§ **Collected material**:
____
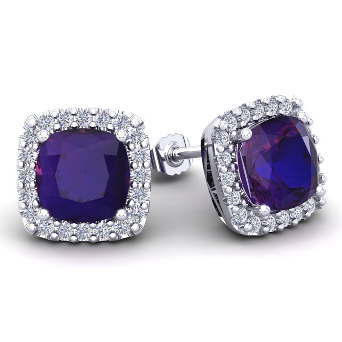 These stunning gemstone and halo diamond earrings feature two 8x8mm cushion cut amethyst gemstones at 4.20 carats. The gemstones are surrounded by 40 sparkling diamonds in a halo in I-J color, SI2-I1 clarity at 0.50 carats. Total gem weight is 4.70 carats. These earrings are crafted in 14 karat white gold and come with comfortable and secure post with friction backs.
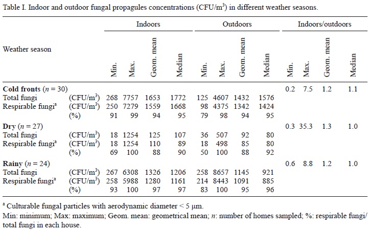 The concentration of fungal propagules found during the three characteristic weather seasons in the region is shown in Table I. During the cold fronts season the geometric means were 1653 and 1432 CFU/m3 at indoor and outdoor environmental air, respectively; while during the dry season they were 125 CFU/m3 indoors and 92 CFU/m3 outdoors. During the rainy season the geometric means of these concentrations were 1326 and 1145 CFU/m3, respectively. The respirable fungal particles found during all seasons were between 50 to 100% of the total fungal concentrations.
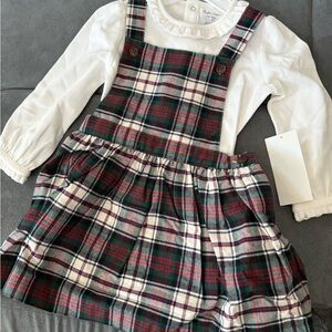 Charming plaid jumper featuring red, green, and white. Paired with a classic white long sleeve top. Ideal for special occasions.
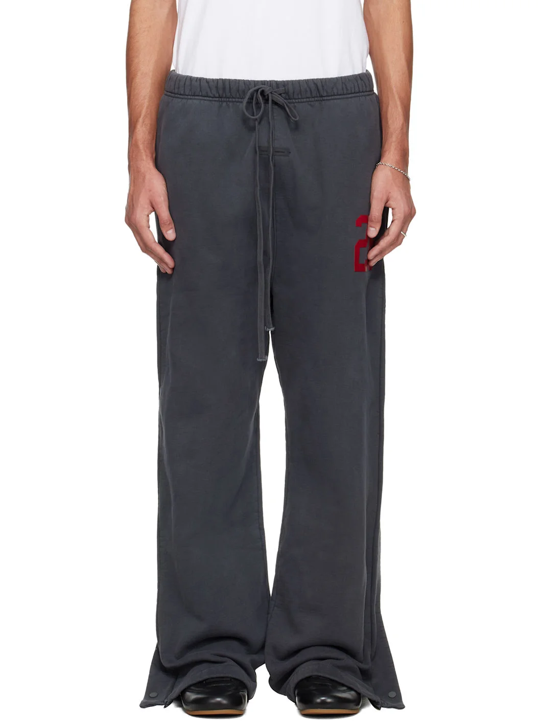 Heavyweight cotton fleece sweatpants. · Fading throughout · Wide-leg · Drawstring at elasticized waistband · Two-pocket styling · Rubber logo patch at front · Text bonded at leg · Zip vent and press-stud placket at outseams Part of the Fear of God ESSENTIALS Holiday collection. Supplier color: Iron grey 100% cotton. Made in Viet Nam 261161M190004
____
Line for line, retype the material exactly, omitting any pictures.

§ **Reply**:
 These stunning gemstone and halo diamond earrings feature two 8x8mm cushion cut amethyst gemstones at 4.20 carats. The gemstones are surrounded by 40 sparkling diamonds in a halo in I-J color, SI2-I1 clarity at 0.50 carats. Total gem weight is 4.70 carats. These earrings are crafted in 14 karat white gold and come with comfortable and secure post with friction backs.
 The concentration of fungal propagules found during the three characteristic weather seasons in the region is shown in Table I. During the cold fronts season the geometric means were 1653 and 1432 CFU/m3 at indoor and outdoor environmental air, respectively; while during the dry season they were 125 CFU/m3 indoors and 92 CFU/m3 outdoors. During the rainy season the geometric means of these concentrations were 1326 and 1145 CFU/m3, respectively. The respirable fungal particles found during all seasons were between 50 to 100% of the total fungal concentrations.
 Charming plaid jumper featuring red, green, and white. Paired with a classic white long sleeve top. Ideal for special occasions.
 Heavyweight cotton fleece sweatpants. · Fading throughout · Wide-leg · Drawstring at elasticized waistband · Two-pocket styling · Rubber logo patch at front · Text bonded at leg · Zip vent and press-stud placket at outseams Part of the Fear of God ESSENTIALS Holiday collection. Supplier color: Iron grey 100% cotton. Made in Viet Nam 261161M190004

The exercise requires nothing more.